Cross Course Reflection

Gabriella Fussner

My name is Gabriella Fussner and I am a Product Design major at Parsons School of Design. When I got in to Parsons, it was a shock that I was going to pursue Product Design because I have spent years learning filmmaking. Though, I was still extremely excited, I was also worried.

Going into first year, I took Space and Materiality, which really changed my schooling experience. Alison McNulty was my professor, and she made me learn so many new skills. She encouraged me to try woodworking and metal shop, two things that I now know I love and can use in the future of my Product Design. Not only that, I learned how to use the laser lab and the wet lab. I just feel like I now have so many options and endless possibilities to what I can make. She had a background in sculpture, but I think that worked to my advantage, as I want my products to be art objects as well.

I also noticed conceptually, my Time teacher, Joseph Ayers, helped me apply what I believe is important into my own work. He also showed me many aesthetics, films, and artists that have largely impacted my perspective, such as the film, Waking Life, or the artist Hito Steryl. In his class I made films that really fulfilled me, and made work that I truly believed in. This was super important for me.
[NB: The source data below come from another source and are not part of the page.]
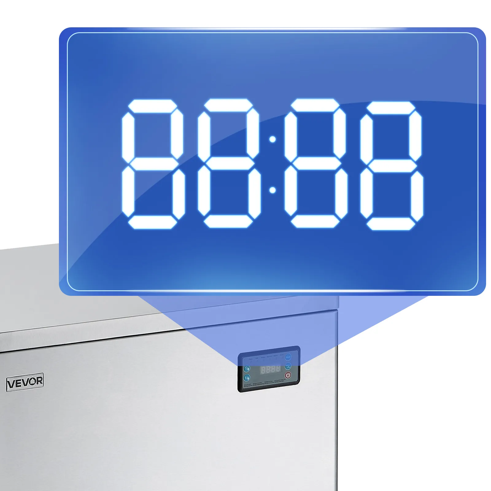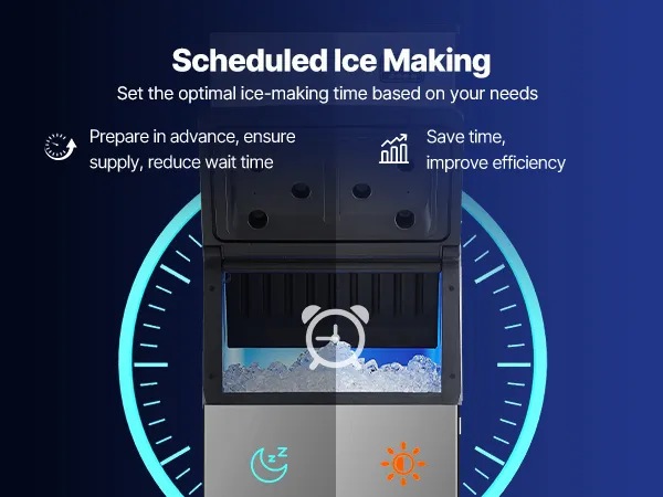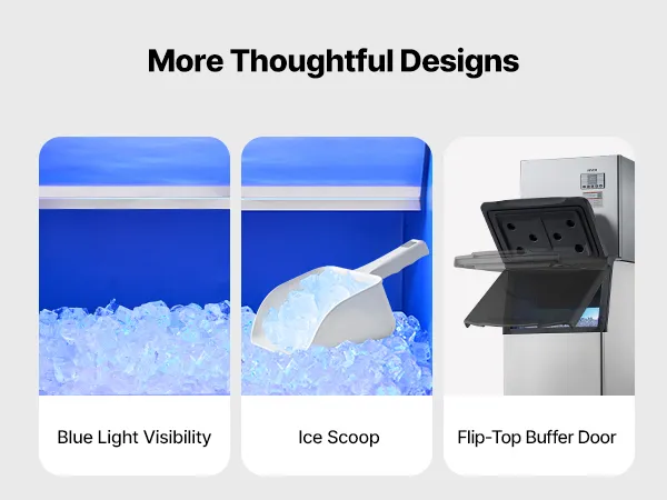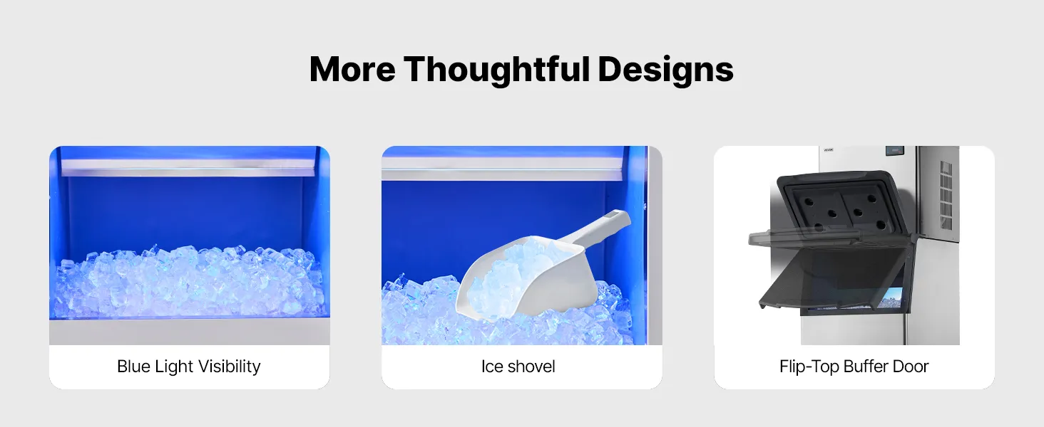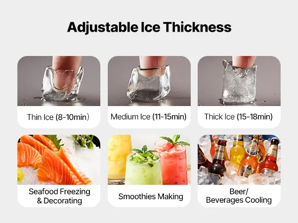 Schnelle Eisherstellung: Ausgestattet mit 182 Eiswürfelschalen ermöglicht die Eismaschine die Anpassung der Eisdicke durch Änderung der Eisherstellungszeit. Der leistungsstarke Kompressor kann Eis innerhalb von 12-15 Minuten produzieren
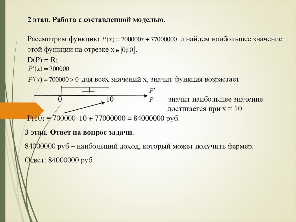 2 этап. Работа с составленной моделью.Рассмотрим функцию Р( х) 700000 х 77000000 и найдём наибольшее значение
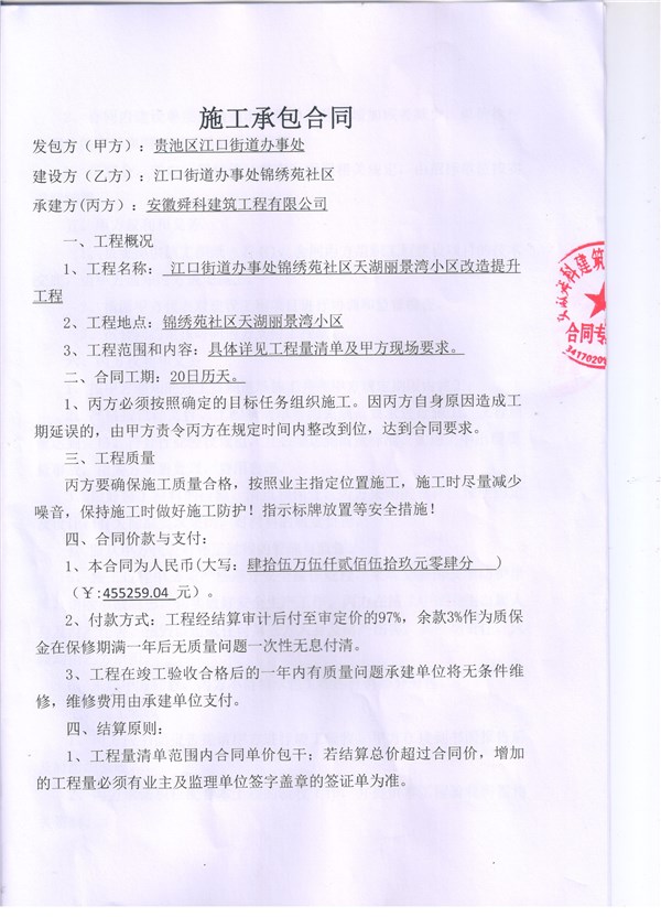 名稱: 天湖麗景灣小區(qū)改造合同 文號(hào): 無(wú)
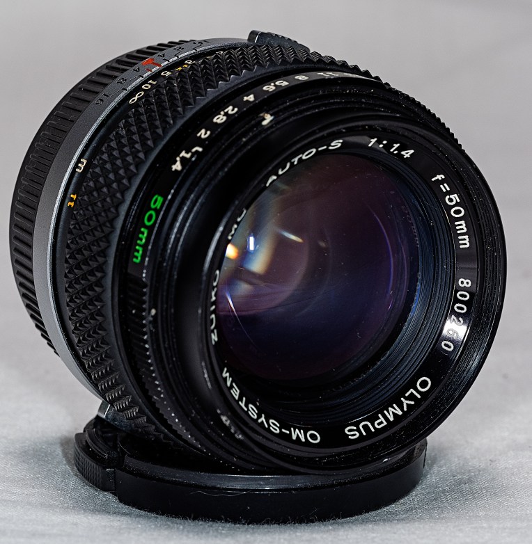The first lens most people whack an adapter on is a fast standard. The 50mm f1.4 was one of the original lenses that was introduced when the OM system was launched at Photokina in 1972. The original silver nosed (a term referring to chromed front mount ring) had a single lens coating and was 36mm in length.The newer MC version was introduced in 1984. Along with the new improved lens multi coating the design was changed resulting in a length of 40mm with a weight of 280g. The lens construction is seven elements in six groups. Despite being a fast lens it has a modest size and has a 49mm filter thread.
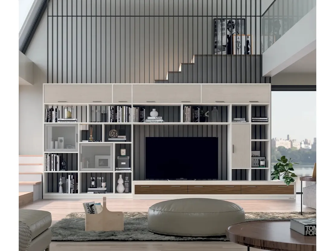 Questa parete attrezzata è una delle soluzioni del marchio e ti permetterà di arredare il living seguendo le più particolari problematiche abitative. Per informazioni e preventivi sulla Parete Attrezzata Melograno composizione 96 di Le Fablier nella fotografia contattaci! Il modello proposto è realizzato in legno, ma grazie ad una vasta gamma di finiture, cromie e forme, potrà adattarsi a stili di ogni genere. Attraverso un gioco dinamico di accostamenti fra accessori a giorno o vani chiusi, le Pareti Attrezzate moderne arredano il soggiorno usufruendo al meglio di ogni spazio.
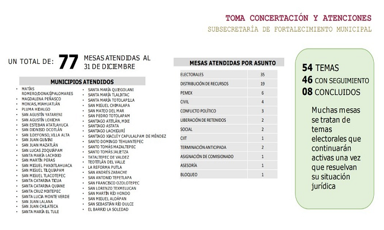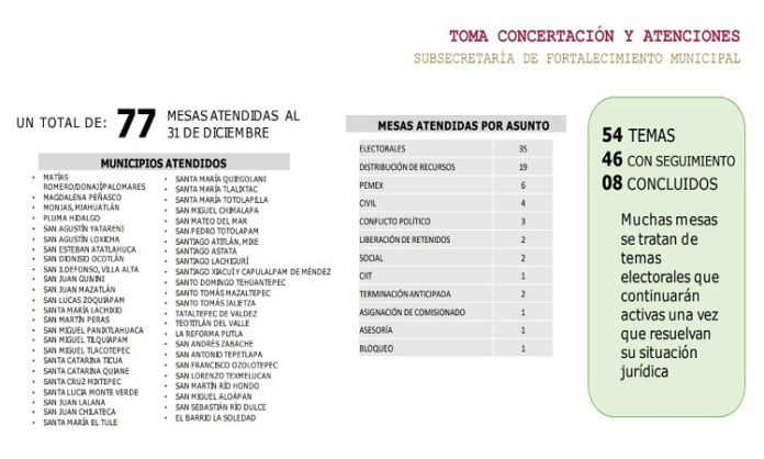 De frente al proceso de renovación de autoridades en 417 municipios regidos bajo los Sistemas Normativos Indígenas, el Gobierno del Estado de Oaxaca atendió 77 mesas de trabajo hasta el 31 de diciembre del 2022.

I made work about the environment, as well developing one of my niche film aesthetics, and cant be more happy for how supportive Joseph was in my very bizarre, morbid, horror, comedy.

Thesetwo sculptures were the highlight of my first year at Parsons. I went through so much conceptualizing, planning, drawing, learning new skills, actually assembling the sculptures. My process for both of these sculptures were so step by step, and seeing how it went from a concept to a real life object that takes space, meant a lot to me as a product designer.

Both sculptures were hybrids of two important objects in our house. For my wooden sculpture, a rosary and a shell. For my metal sculpture, prayer flags and binoculars. Just seeing how they came out and how they derived from things that meant so much to me, was really special. We took the formal qualities of our objects and applied them into our sculptures. It was a long process, designing the sculptures. I had to make so many iterations of each sculpture in my notebook, then had to choose one to really work on. Once I chose the designs I wanted to actualize, it was a matter of learning howtocut wood, learning how to weld metal, taking out the measuring tape, making mistakes, going to the shop multiple times a week, asking for help from the shop workers. The whole experience was so gratifying when my sculptures came out. I hope to find this feeling many times, over and over again, in my future years at Parsons.

Coming to a conclusion, this first year has been hard and tedious. I am ready to apply the skills I have learned in my first year, to the products, artworks, and philosophies I will be developing in the future. I want to get better at woodworking and metal shop, as well as planning and designing my ideas on paper.